2005-12-17

GIMPShop and Alien

First of all, thanks to Johnny for pointing this out. Here's his e-mail:
"I was listening to Leo Laporte on the radio this morning. A caller was talking about Photoshop and The Gimp. Anyway, Leo mentioned The Gimp and Gimpshop. I guess Gimpshop is a hack to The Gimp to make the menus look and work like Photoshop. Of course, I thought of you! Have you heard of this? Here's the link"
Naturally I had to give it a shot.

Caveat: I don't know Photoshop from my ass. I (used to) use Paintshop Pro. I'm not sure exactly how much Gimpshop compares to Photoshop interface-wise.

Hardcore Linux folks may be annoyed to learn that I don't like The Gimp (until they realize that my opinion shouldn't matter to them). Despite the power I keep hearing it has, I can't get past the interface enough to do more than fiddle around with it a bit. So I figured I'd try this Gimpshop thing out to see if it would change my mind.

If you use Ubuntu, or any other Debian-based Linux, you'll notice that Gimpshop isn't in the repositories, so you'll have to install it at the command line. You'll also find that the only two official distributions are source code or an RPM package.
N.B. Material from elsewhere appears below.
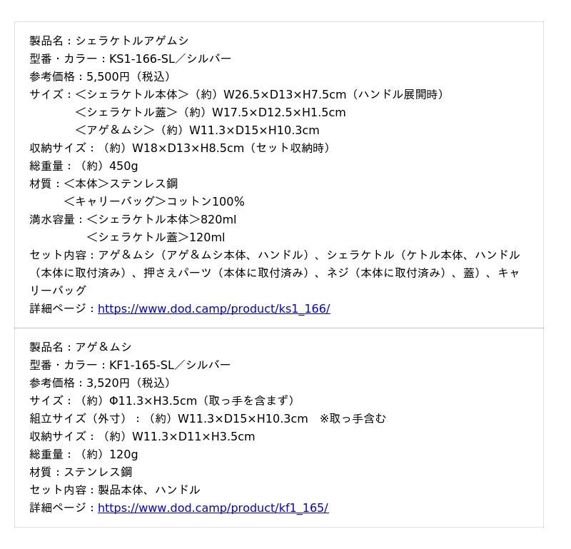 製品詳細ページ:<セット>https://www.dod.camp/product/ks1_166/

I'm not at the stage where I'm comfortable compiling from source yet, so I decided to fiddle with the RPM instead.

You can install many RPMs in Debian/Ubuntu/Whatever using the rpm utility available in the repositories, but you probably shouldn't. That's beause apt/aptitude/dpkg/whatever-you-use won't know about it, and ideally you want these programs to know about everything on your machine so they can fix things when something goes wrong.

Instead of using the rpm utility you can use Alien to convert the Gimpshop.RPM file to a Gimpshop.DEB file. Alien is available in the repositories. It doesn't always work out of the box but it's worth having around. In this case, it worked fine.

So go install Alien, then download the RPM file from freshmeat here.

Now go to your download directory and do this:
alien -k PACKAGENAME.RPM
(You may have to precede that command with "sudo" on your system.) It'll churn for a while and then, if all goes well, tell you it's generated a .deb package. You can install (and uninstall) this package using dpkg.

Type this to install it:
sudo dpkg -i PACKAGENAME.DEB
Note that Gimpshop is currently based on GIMP 2.2.4, so it may downgrade your more recent version. Your choice.

That's it. You're done. Fire up The GIMP and see if it acts a bit more like Photoshop. Some folks swear by it. I can't really tell the difference but, like I said, I don't know Photoshop very well. I'll keep it around, though, giving it a chance to grow on me.

Either way, even if I were still using Windows and PSP, I don't photoshop much these days. My monitor is slowly dying, getting to the point that I can't see details I know I added to certain chops a year ago.